I want to clarify that my real concern with using cascaded algorithms (notably by amateurs) is the greatly increased risk of security holes in the resulting code. Especially given that the supposed increased security is usually far, far less than what it naively seem to be. Think “weakest link.” E.g., using 3 different schemes in a row might result in a system that may (emph. “may”) be as weak as the weakest of the 3. Serious professional cryptographers might be able to give an opinion on a particular combination’s weakness, but a non-professional’s estimation is not going to sell. Putting extra effort into something that not only might not give any benefits but could actually open up new holes is not a good thing.
I keep seeing posts that refer to MD5 and encyrption. MD5 is a hash scheme. It is useful for encoding short things like passwords and in providing certificates. It cannot and must not be used for encoding anything of non-trivial length. There’s just so much wrong with thinking that MD5 is an encryption scheme that I don’t even know where to start.
It’s a common hash based encryption for passwords. The main benifits that arise from using it is that theres no way to decrypt something from a MD5 hash, only to verify it so there is no chance that someone capturing your MD5 could guess your password from it (unless they brute force it).

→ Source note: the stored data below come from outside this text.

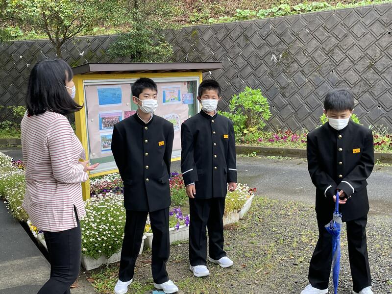 17日、この春、水俣第一中学校を卒業した水東小学校の卒業生が訪ねて来てくれました。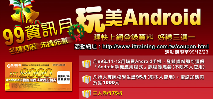 好禮一:凡99年11~12月購買Android手機,登錄資料即可取得『Android手機應用程式設計』課程優惠券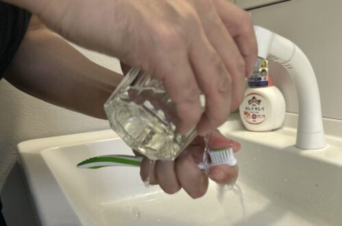 更に残った水でハミガキを洗います。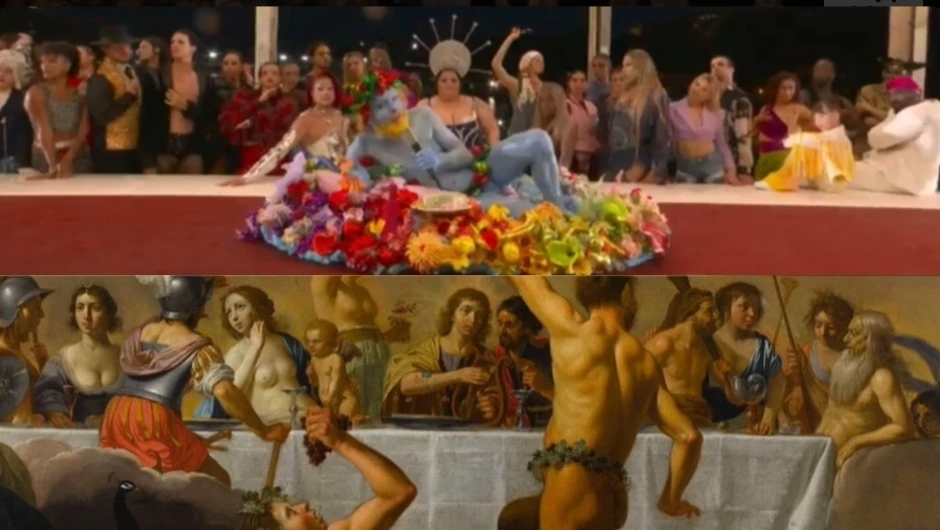 에펠탑 앞에서는 패션쇼도 보여줬다. 물론 남자가 여장을 하고 말이다.최후에 만찬을 풍자했는데 종교계는 유감을 표했다.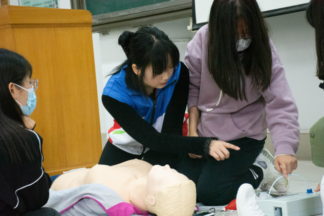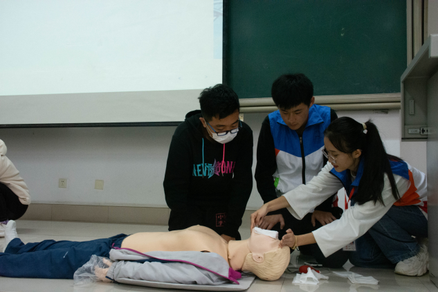 活动中,志愿服务队队员借助多媒体课件、假人模型、AED(自动体外除颤仪)为同学们详细讲解了AED(自动体外除颤仪)和单人成人心肺复苏的相关知识,并演示了心肺复苏的实际操作。操作过程中同学们仔细观看、认真学习并且积极与志愿者互动。期间还向志愿者咨询了一些自己感兴趣的急救知识,得到了志愿者的认真回答。讲解结束后,志愿者邀请同学们借助假人模型进行练习,并耐心仔细地指导同学们的每一个动作和要领。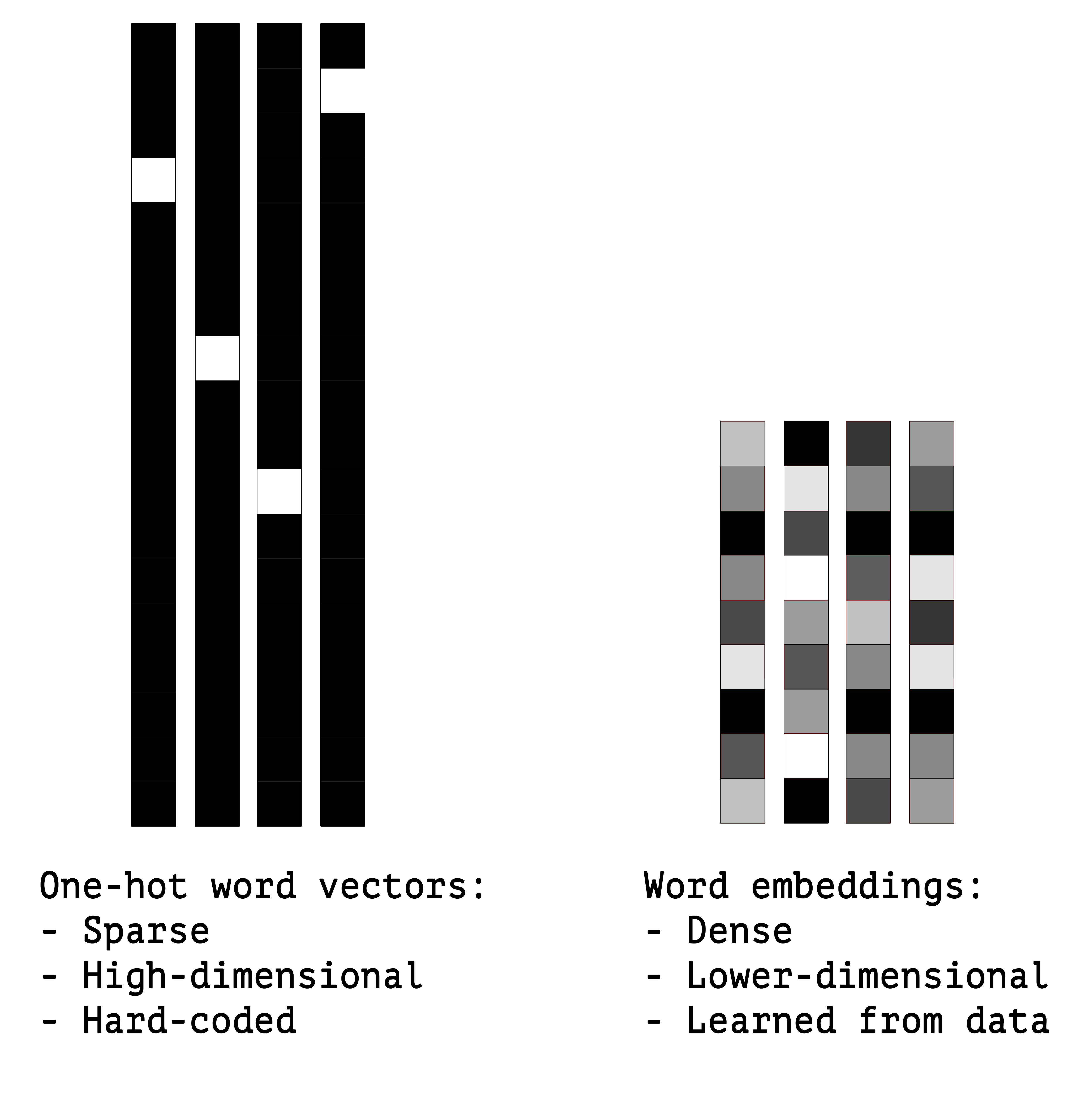 사람의 언어를 완벽하게 매핑해서 어떤 자연어 처리 작업에도 사용할 수 있는 이상적인 단어 임베딩 공간이 있을까요? 아마도 가능하겠지만 아직까지 이런 종류의 공간은 만들지 못했습니다. 사람의 언어에도 그런 것은 없습니다. 세상에는 많은 다른 언어가 있고 언어는 특정 문화와 환경을 반영하기 때문에 서로 동일하지 않습니다. 실제로 좋은 단어 임베딩 공간을 만드는 것은 문제에 따라 크게 달라집니다. 영어로 된 영화 리뷰 감성 분석 모델을 위한 완벽한 단어 임베딩 공간은 영어로 된 법률 문서 분류 모델을 위한 완벽한 임베딩 공간과 다를 것 같습니다. 특정 의미 관계의 중요성이 작업에 따라 다르기 때문입니다.

Shalmanese, I know what an MD5 hash is. So I am puzzled as to why you attached your post to my previous one. Perhaps you intended to clarify someone else’s post who is mistakenly referencing MD5?
For those not so familiar with encryption, let me explain. Standard encryption goes like this:
Alice takes a plain text plus an (independently generated) encryption key to create a cipher text. She sends it to Bob.
Bob takes the cipher text plus a decrypion key to re-create the plain text.
With hashing schemes like MD5, there are no (independently generated) keys and step 2 doesn’t exist. It is a purely one way process. In particular, it is not a one-to-one function. Different texts can have the same MD5 hash.
Note that it is an open question as to whether MD5 can be broken by non-brute force methods. (Where “break” in this context means “recover any string that maps into the encoded string.”) Almost all phrasing of strength of systems are conditional on “we do not know if…”. (Where “we” means people who don’t work for the NSA and publish their work.)
What if you want to recover all strings which map into the encoded string? If, for instance, you determined that the string x!J5)C_ mapped into the hash you had, that might not help you break into another account with the same password but which uses a different password hashing system. But if you found that the strings x!J5)C_ , G7~+m6 , and fluffy_bunny all mapped into your known hash, then you could probably be pretty confident that this person uses fluffy_bunny as a password.
Recover all strings that map into an MD5 hash? Good luck with that. First there are an infinite number of strings that map into a given MD5 hash. So that’s going to take a while. Secondly, once you are searching strings longer than the hash, there is an exponential growth in strings that map into the same hash. So even a limited search can have so many results that just listing them would be impractical. So what you have there is a list that’s growing exponentially towards infinity.
Note that some bad hashing schemes have been broken in the sense I gave. Many BIOS password schemes use a very poor method. There are programs available that quickly find “a” password that maps into the same hash. It will be nonsense (but so would the original if they picked a good password.) That’s good enough for those purposes.